Kadinsamson/rl-value-iteration

Jupyter NotebookGPL-3.0

VALUE ITERATION ALGORITHM

AIM

To develop a Python program to find the optimal policy for the given MDP using the value iteration algorithm.

PROBLEM STATEMENT

Design a reinforcement learning algorithm to guide an agent through a grid-based frozen lake environment, where the goal is to reach the destination while navigating through frozen and unfrozen tiles with the risk of falling through the ice. The agent must learn optimal policies to maximize its chances of reaching the goal in a stochastic and slippery environment.

STATES

The environment has 16 states:

Two Terminal States: G: The goal state & H: A hole state.
11 Transition states / Non-terminal States including S: The starting state.

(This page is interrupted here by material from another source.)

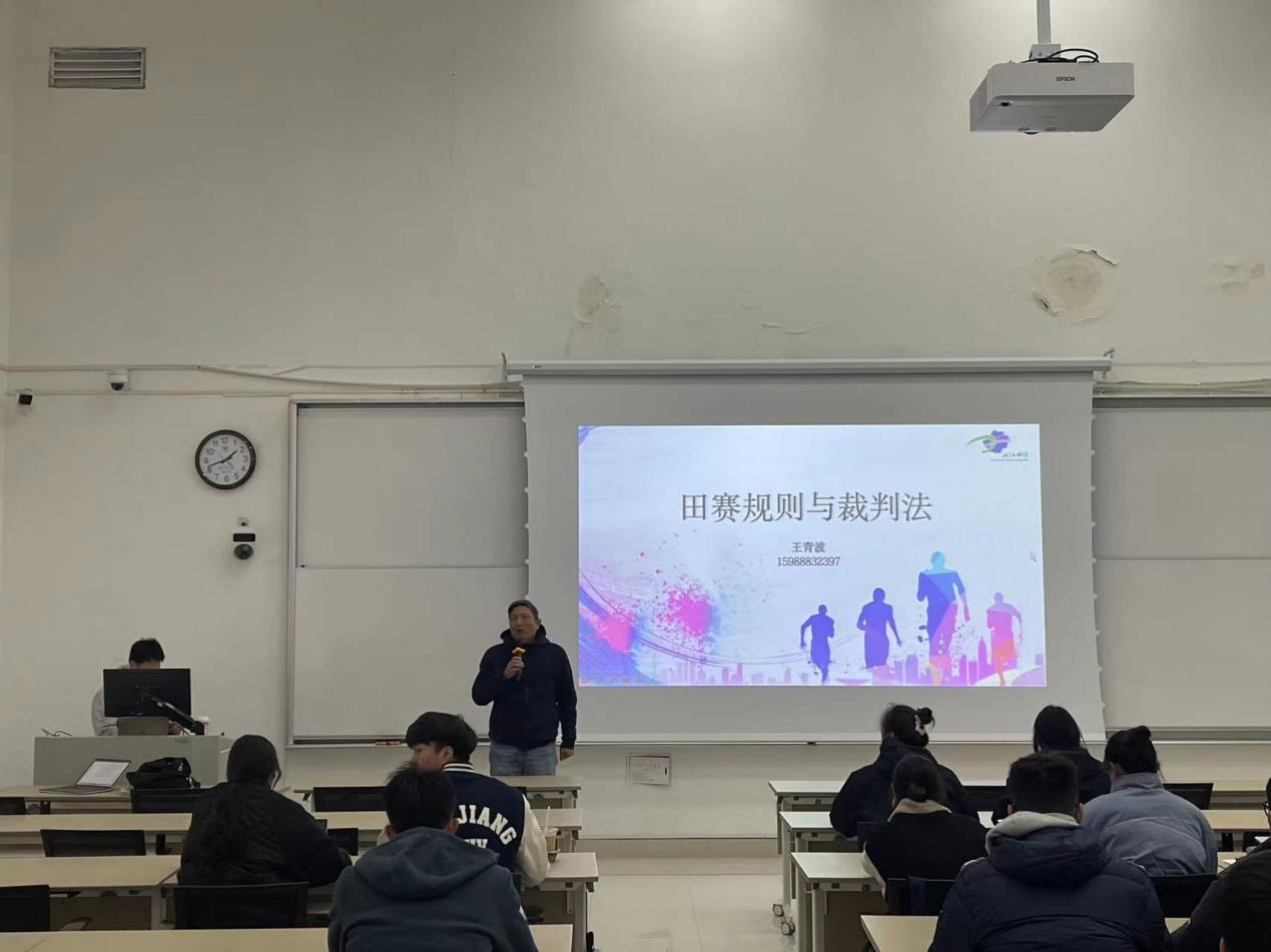 2023年12月28日下午,浙江大学教育学院体育学系田径二级裁判员培训班在浙江大学研究生院306教室开班。田径国家一级裁判、体育学系副教授沈国平老师,浙江省田径协会秘书长王青波老师出席开班仪式,仪式由体育学系丁莺老师主持。

The agent can take two actions:

0: Move left.
1: Move right.
2: Move up.
3: Move down.

Transition Probabilities

33.33% chance that the agent moves in the intended direction.
66.66% chance that the agent moves in the orthogonal direction.

Reward

The agent receives a reward of +1 for reaching the goal state (G). The agent receives a reward of 0 for all other states.

VALUE ITERATION ALGORITHM

Value iteration is a method of computing an optimal MDP policy and its value.
It begins with an initial guess for the value function, and iteratively updates it towards the optimal value function, according to the Bellman optimality equation.
The algorithm is guaranteed to converge to the optimal value function, and in the process of doing so, also converges to the optimal policy.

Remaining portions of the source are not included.